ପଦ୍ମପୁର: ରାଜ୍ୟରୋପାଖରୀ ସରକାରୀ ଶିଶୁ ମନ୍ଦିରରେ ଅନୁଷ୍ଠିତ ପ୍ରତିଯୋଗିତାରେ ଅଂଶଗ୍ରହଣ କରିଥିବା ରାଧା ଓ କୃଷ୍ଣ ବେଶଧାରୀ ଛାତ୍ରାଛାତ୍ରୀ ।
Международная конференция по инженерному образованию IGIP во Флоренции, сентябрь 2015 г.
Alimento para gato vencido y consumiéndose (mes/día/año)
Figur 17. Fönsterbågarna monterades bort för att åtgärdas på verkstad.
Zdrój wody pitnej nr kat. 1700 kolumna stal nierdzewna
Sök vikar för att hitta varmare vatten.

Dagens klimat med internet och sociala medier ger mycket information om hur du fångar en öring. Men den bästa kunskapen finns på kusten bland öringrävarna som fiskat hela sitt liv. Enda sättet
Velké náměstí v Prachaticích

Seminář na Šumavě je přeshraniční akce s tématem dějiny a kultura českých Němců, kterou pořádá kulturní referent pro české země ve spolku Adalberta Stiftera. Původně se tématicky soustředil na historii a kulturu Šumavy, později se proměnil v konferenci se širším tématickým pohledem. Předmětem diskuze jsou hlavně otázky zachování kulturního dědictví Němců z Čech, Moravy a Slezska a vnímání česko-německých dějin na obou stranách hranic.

==*==

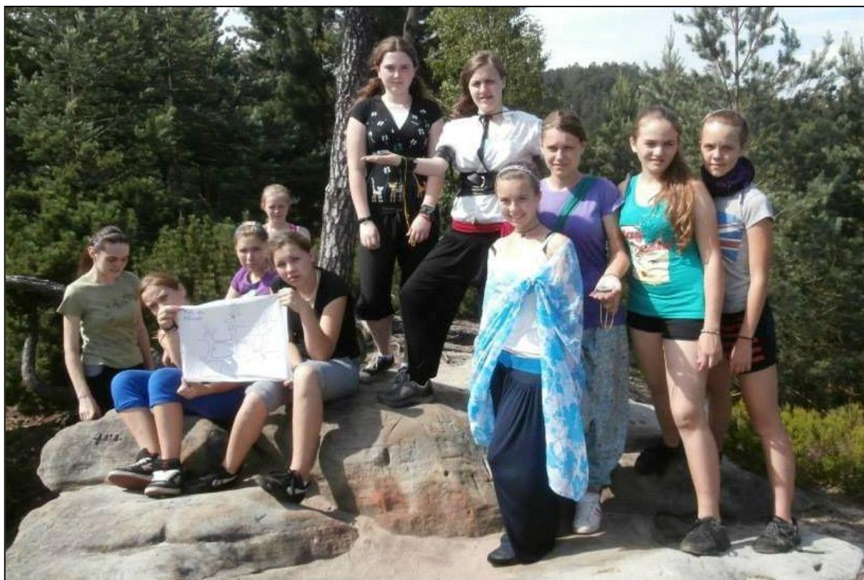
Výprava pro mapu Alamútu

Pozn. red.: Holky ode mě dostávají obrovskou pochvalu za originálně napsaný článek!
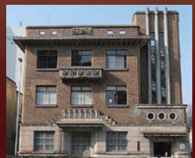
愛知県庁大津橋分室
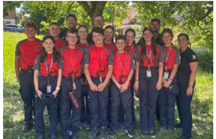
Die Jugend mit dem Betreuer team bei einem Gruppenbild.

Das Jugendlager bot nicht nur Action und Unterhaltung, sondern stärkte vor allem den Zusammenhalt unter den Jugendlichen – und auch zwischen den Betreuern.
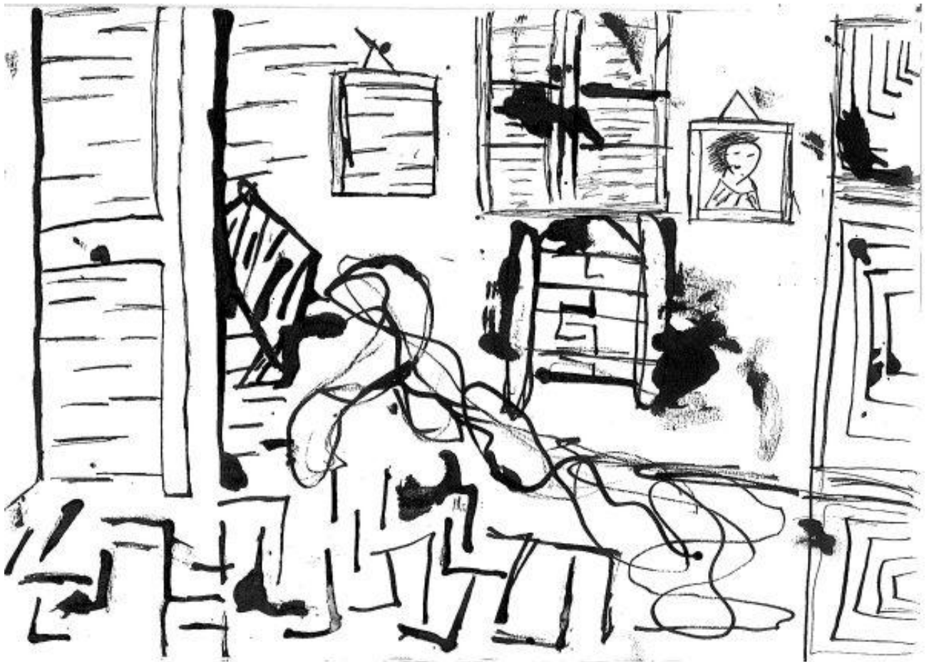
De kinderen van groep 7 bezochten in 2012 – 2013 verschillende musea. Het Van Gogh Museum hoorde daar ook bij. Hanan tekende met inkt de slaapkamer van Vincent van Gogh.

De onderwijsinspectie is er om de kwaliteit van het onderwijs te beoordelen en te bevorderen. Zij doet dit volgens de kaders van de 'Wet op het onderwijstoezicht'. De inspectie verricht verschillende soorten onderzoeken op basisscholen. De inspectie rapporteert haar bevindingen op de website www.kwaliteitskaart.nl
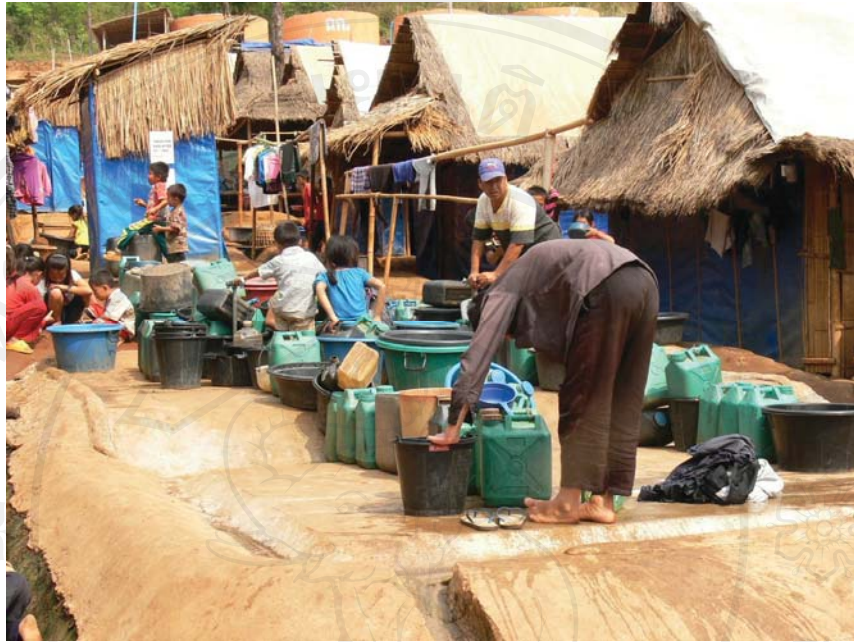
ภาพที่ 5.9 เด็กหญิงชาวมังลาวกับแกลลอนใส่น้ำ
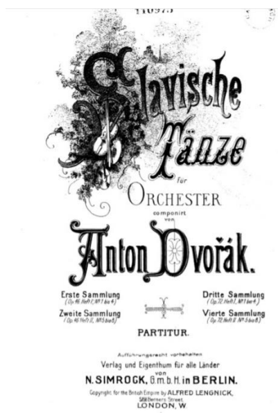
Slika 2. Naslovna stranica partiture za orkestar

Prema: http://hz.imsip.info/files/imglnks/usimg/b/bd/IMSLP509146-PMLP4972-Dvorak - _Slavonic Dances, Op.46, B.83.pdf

==*==

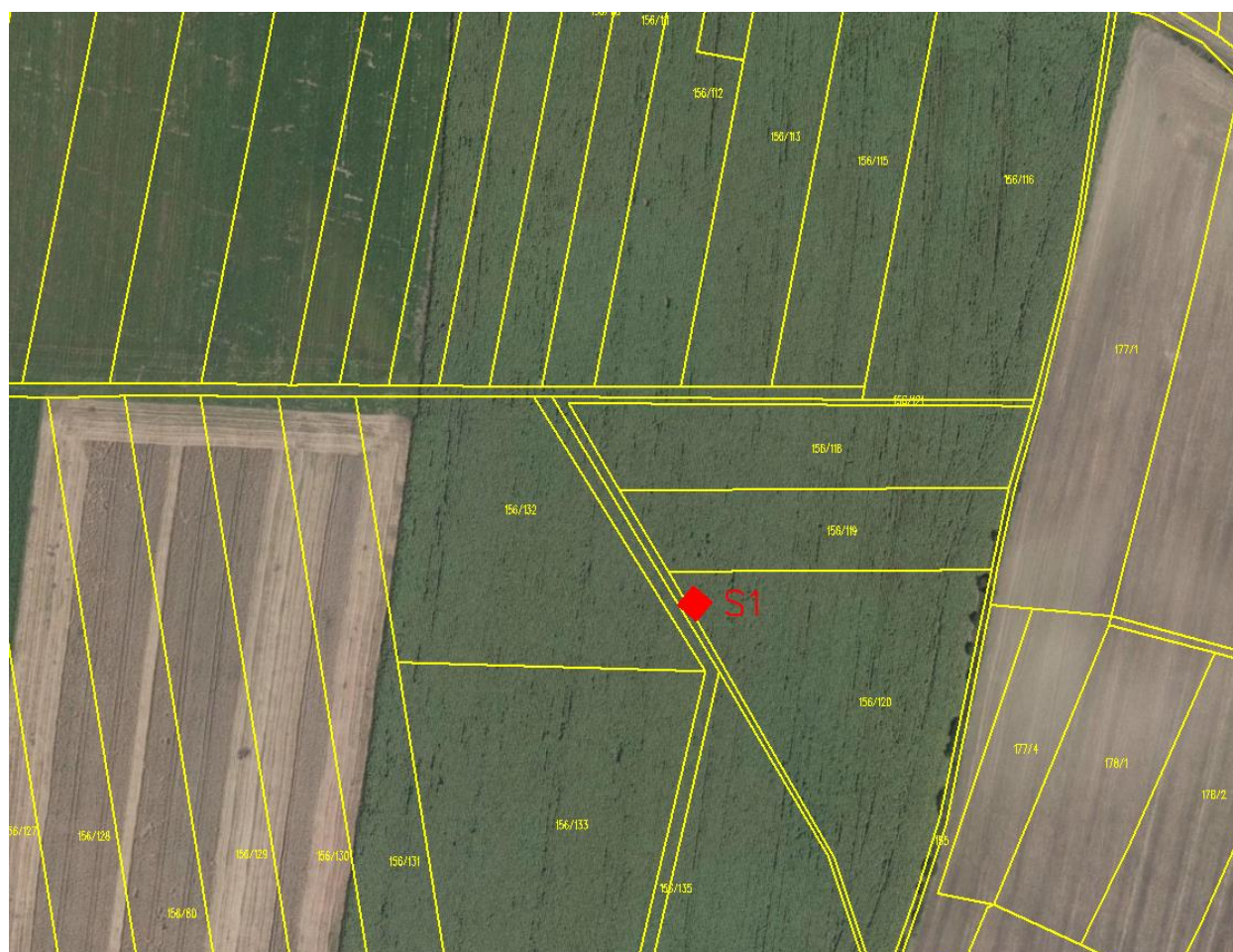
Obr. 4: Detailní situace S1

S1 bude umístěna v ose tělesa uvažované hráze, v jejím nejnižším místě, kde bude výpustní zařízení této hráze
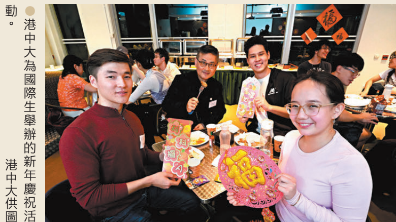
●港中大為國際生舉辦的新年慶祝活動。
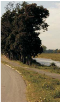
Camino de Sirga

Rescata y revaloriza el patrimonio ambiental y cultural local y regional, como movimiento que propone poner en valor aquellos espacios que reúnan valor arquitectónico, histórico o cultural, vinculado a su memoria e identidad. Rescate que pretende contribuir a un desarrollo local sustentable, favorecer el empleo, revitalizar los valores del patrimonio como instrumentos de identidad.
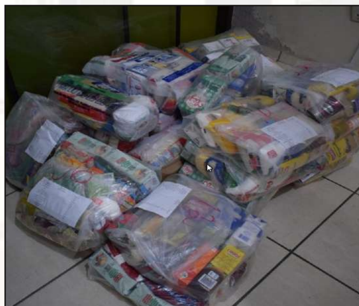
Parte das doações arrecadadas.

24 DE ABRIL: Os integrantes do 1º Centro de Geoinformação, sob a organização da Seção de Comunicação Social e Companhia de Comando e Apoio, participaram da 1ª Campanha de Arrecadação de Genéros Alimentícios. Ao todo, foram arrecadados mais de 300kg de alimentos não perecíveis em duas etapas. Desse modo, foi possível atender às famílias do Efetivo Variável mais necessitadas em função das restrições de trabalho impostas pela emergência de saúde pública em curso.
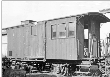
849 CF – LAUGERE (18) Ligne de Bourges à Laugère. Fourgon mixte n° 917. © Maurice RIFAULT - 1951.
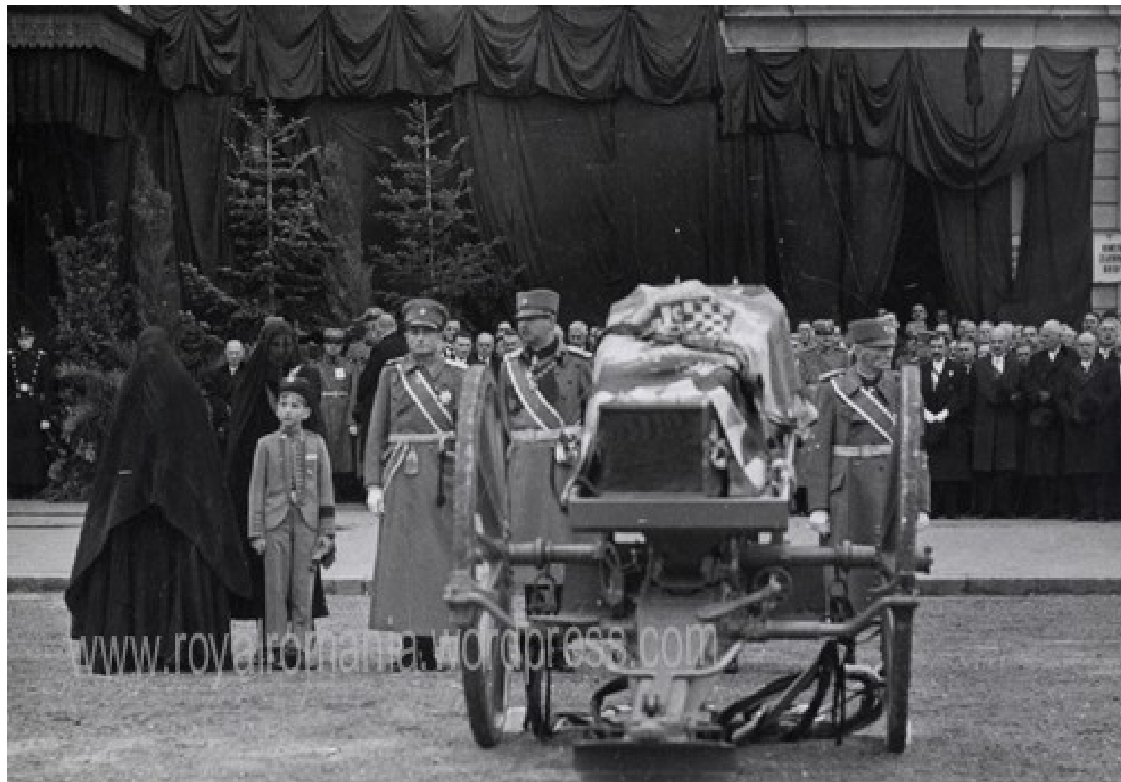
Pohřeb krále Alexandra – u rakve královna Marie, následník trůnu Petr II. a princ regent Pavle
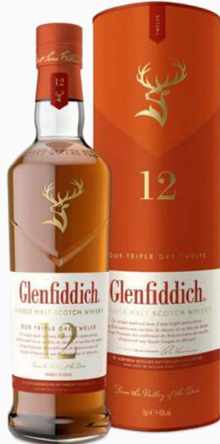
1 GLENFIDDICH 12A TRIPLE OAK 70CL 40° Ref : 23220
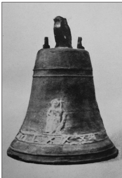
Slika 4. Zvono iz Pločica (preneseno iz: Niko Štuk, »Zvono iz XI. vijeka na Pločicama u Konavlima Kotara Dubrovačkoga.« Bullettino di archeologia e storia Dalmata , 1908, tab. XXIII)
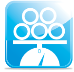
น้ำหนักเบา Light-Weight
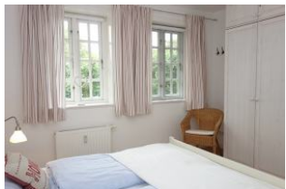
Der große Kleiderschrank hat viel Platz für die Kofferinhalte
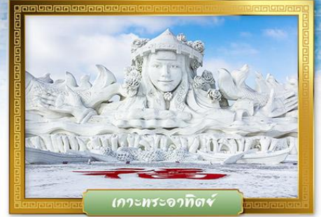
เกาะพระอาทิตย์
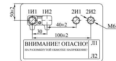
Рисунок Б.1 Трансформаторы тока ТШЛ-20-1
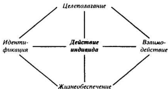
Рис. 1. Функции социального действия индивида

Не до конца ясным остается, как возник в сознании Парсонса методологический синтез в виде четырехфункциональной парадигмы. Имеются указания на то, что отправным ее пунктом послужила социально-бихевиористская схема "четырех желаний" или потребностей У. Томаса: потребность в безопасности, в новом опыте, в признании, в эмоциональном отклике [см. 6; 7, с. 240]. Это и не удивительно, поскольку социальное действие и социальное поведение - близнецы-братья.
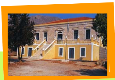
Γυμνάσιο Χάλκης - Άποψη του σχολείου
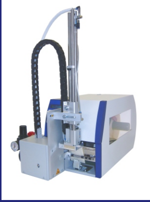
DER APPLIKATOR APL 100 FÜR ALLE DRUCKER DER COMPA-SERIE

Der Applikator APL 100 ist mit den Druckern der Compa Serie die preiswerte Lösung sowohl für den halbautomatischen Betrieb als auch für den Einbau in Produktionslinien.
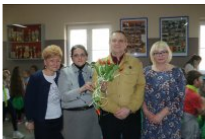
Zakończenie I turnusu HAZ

==*==

[Assignment] Transcribe, exactly and without additions, the lines of the records above, beginning with the line that contains "ପଦ୍ମପୁର: ରାଜ୍ୟରୋପାଖରୀ ସରକାରୀ" and ending with the line that contains "Seminář na Šumavě", both included.

[Solution to this problem]
ପଦ୍ମପୁର: ରାଜ୍ୟରୋପାଖରୀ ସରକାରୀ ଶିଶୁ ମନ୍ଦିରରେ ଅନୁଷ୍ଠିତ ପ୍ରତିଯୋଗିତାରେ ଅଂଶଗ୍ରହଣ କରିଥିବା ରାଧା ଓ କୃଷ୍ଣ ବେଶଧାରୀ ଛାତ୍ରାଛାତ୍ରୀ ।
Международная конференция по инженерному образованию IGIP во Флоренции, сентябрь 2015 г.
Alimento para gato vencido y consumiéndose (mes/día/año)
Figur 17. Fönsterbågarna monterades bort för att åtgärdas på verkstad.
Zdrój wody pitnej nr kat. 1700 kolumna stal nierdzewna
Sök vikar för att hitta varmare vatten.

Dagens klimat med internet och sociala medier ger mycket information om hur du fångar en öring. Men den bästa kunskapen finns på kusten bland öringrävarna som fiskat hela sitt liv. Enda sättet
Velké náměstí v Prachaticích

Seminář na Šumavě je přeshraniční akce s tématem dějiny a kultura českých Němců, kterou pořádá kulturní referent pro české země ve spolku Adalberta Stiftera. Původně se tématicky soustředil na historii a kulturu Šumavy, později se proměnil v konferenci se širším tématickým pohledem. Předmětem diskuze jsou hlavně otázky zachování kulturního dědictví Němců z Čech, Moravy a Slezska a vnímání česko-německých dějin na obou stranách hranic.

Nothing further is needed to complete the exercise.